The methods provided to retrieve information from WebHttpResponse are:
getStatus()
getMessage()
getBody()
getHeaders()
An example:
CompletableFuture<WebHttpResponse> webHttpResponse = client.sendAsync(request);
webHttpResponse
.thenAccept(response -> {
String responseBody = response.getBody();
})
.exceptionally(e -> {
// error handling
});
This example step relies on ip-api, an API endpoint that identifies the country of origin (and other location specific data) based on a provided IP address. In this example, the response is returned in JSON format.
WebHttpClient client = WebHttpClient.builder()
.withHttpVersion(HttpVersion.HTTP1_1)
.withProxy(Proxy.NO_PROXY)
.withConnectionTimeout(10L, TimeUnit.SECONDS)
.withSocketTimeout(10L, TimeUnit.SECONDS)
.build();
WebHttpRequest request = WebHttpRequest.builder()
.get("http://ip-api.com/json/205.174.40.1")
.withQueryString("fields", "status,message,country")
.build()
CompletableFuture<WebHttpResponse> webHttpResponse = client.sendAsync(request);
webHttpResponse
.thenAccept(response -> {
String webHttpResponseBody = response.getBody();
JSONObject jsonObject = new JSONObject(webHttpResponseBody);
String countryName = (String) jsonObject.opt("country");
})
.exceptionally(e -> {
// error handling
});
JSONObject json = new JSONObject();
json.put("test", "value");
WebHttpClient client = WebHttpClient.builder()

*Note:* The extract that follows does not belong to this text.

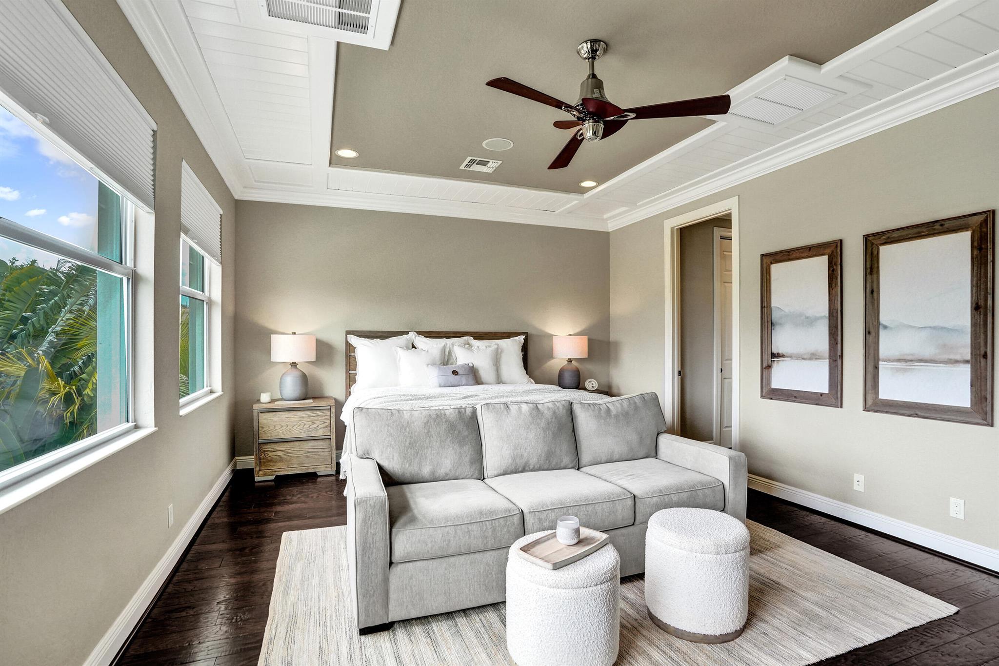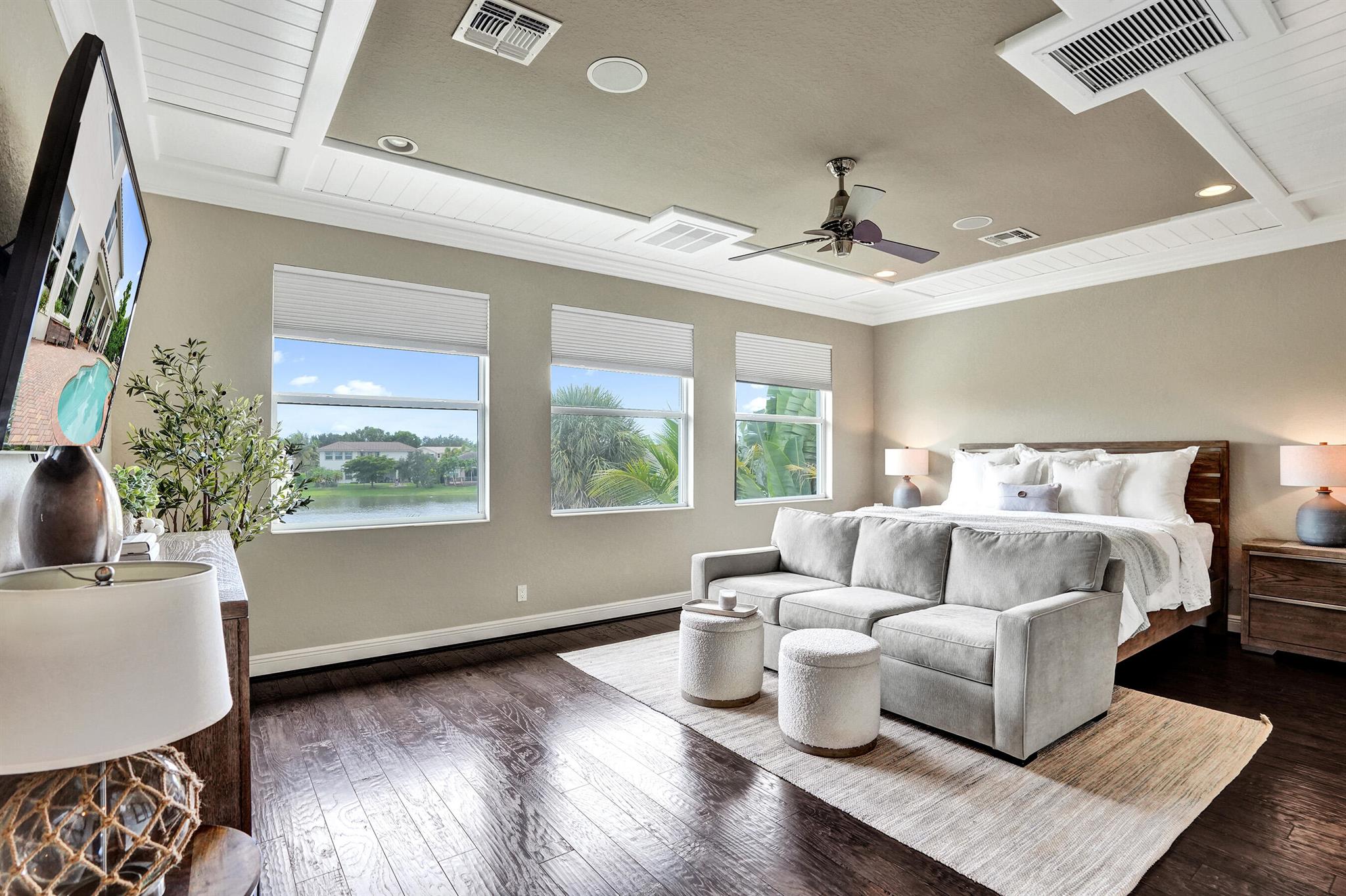 Step into elegance with this 5BR, 4.5BA former model home in the sought-after gated community of Heron Bay, offering 4,124 sq ft of bright, open living. A soaring 22-ft ceiling, wood floors, and lake views from most spaces set the tone. Entertain in the chef's kitchen with a natural gas stove, stainless appliances, and butler's pantry, or enjoy movie nights in the family room with built-in speakers. Outside, relax in the remodeled backyard with a heated saltwater pool/spa. The master retreat features lake views, double shower, and soaking tub. Enjoy peace of mind with impact windows/doors, smart home systems, 2 recently replaced ACs, fresh exterior paint and new garage door openers. With A+ schools and resort-style amenities, this home is move-in ready and ideal for family living.

.withHttpVersion(HttpVersion.HTTP1_1)
.withProxy(Proxy.NO_PROXY)
.withConnectionTimeout(10L, TimeUnit.SECONDS)
.withSocketTimeout(10L, TimeUnit.SECONDS)
.build();
WebHttpRequest request = WebHttpRequest.builder()
.post(<URL>)
.withBody(json.toString())
.build()
CompletableFuture<WebHttpResponse> webHttpResponse = client.sendAsync(request);
- You can either use Gradle or Maven:
If using Gradle, point to the SDK repository in the build.gradle
:
apply plugin: 'java'
repositories {
mavenCentral()
maven {
url 'https://raw.githubusercontent.com/experiandataquality/aperture-data-studio-sdk/github-maven-repository/maven'
}
}
dependencies {
compileOnly("com.experian.datastudio:sdkapi:2.2.0")
}
If you don't want to use Gradle, you'll have to configure your own Java project to generate a compatible JAR artifact:
- Create a new Java project or open an existing one.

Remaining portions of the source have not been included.